Will help you test the beta. Is it ready for testing yet? I tried it earlier but didnt work, but could have been from network monitoring being enabled.

Ranger802004 commented 1 year ago

Sure, will set it to 1.1.1.1 and change recursivepingchecks to 5.

It also could definitely be the router as the wifi is continuously dropping lately. Will be buying a new one when the GT-BE98 releases if Merlin supports it.

Will post back later today or tomorrow.

Thanks for the great work!

Will help you test the beta. Is it ready for testing yet?

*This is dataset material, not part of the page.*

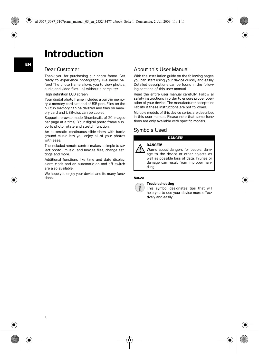 Packing Contents Digital photo frame ‚ Digital photo frame with bracket Power supply with exchangeable plugs 4 If the connection with the computer is disconnected, the digital photoframe will restart automatically. ƒ Power supply with exchangeable plugs Remote control (with battery) Variable „ A remote control (with battery) (AF¦5077/¦5087/5107MS) User Guide (not depicted) User Guide (not depicted) Verpackungsinhalt AF 5077 Inserting a Memory Card 1 Insert a memory card into the appropriate card slot at the rear of the device. Your photo frame supports the following memory cards: SD/ MMC/MS/SDHC/XD. DANGER! Inserting a Memory Card! Only use storage media that are compatible with the device. Missing Package Contents Never pull out the memory card while the device is accessing it. This could cause data to be damaged or lost. Notice Missing Package Contents If one of the parts is missing or damaged, please contact your retailer or our customer service. Connecting power supply Mains Voltage at the Site of Installation CAUTION! Mains Voltage at the Site of Installation! Check whether the mains voltage of your device (indicated on the type label) matches the mains voltage available at the setup location. 1 Choose the right plug for your country and slide it onto the power adapter. Ensure that the plug snaps in completely. 2 Insert the small plug of the power supply into the socket on the rear side of your device. Insert the power supply unit into the socket. Connecting to the PC 2 Switch the device on using the on/off switch on the rear. The player will start slide show after the start screen be displayed. Notice Many Photos on the Memory Card If the memory card contains many photos, it can take some time until the slide show starts. 3 Press OK at the rear during a slide show to stop the slide show. Notice Using USB device and memory card at the same time If a USB storage device is used at the same time as a storage card, the images from the memory card are displayed first. Using the USB cable, you can connect your photo frame to a computer to transfer files between the internal memory and computer. 1 Switch the device off using the on/off switch on the rear. 2 With the frame turned off, connect the small end of the cable to the digital picture frame and the large end to your computer. 3 Switch the device on using the on/off switch on the rear. Allow the computer a few moments to recognize the new hardware. Compatible photo, music and video files can be copied onto the internal memory.

I tried it earlier but didnt work, but could have been from network monitoring being enabled.

If it is on the repo beta channel it is ready for testing and feedback. Please absolutely test, I'd like to workout any issues before production release. 5 will be a little much I think for recursive checks, I would start with 2-3.

p1r473 commented 1 year ago

Ok, I'll switch over to the beta for testing.

I have had emails configured in 1.6.0 to be disabled for over 30 min and they are still coming, and the time stamps are within last 3 minutes. I've also rebooted 3 times

Event Time: Mar 5 18:30:21 I'm just stepping out now but will test the beta tomorrow or later tonight

Ranger802004 commented 1 year ago

Ok, I'll switch over to the beta for testing.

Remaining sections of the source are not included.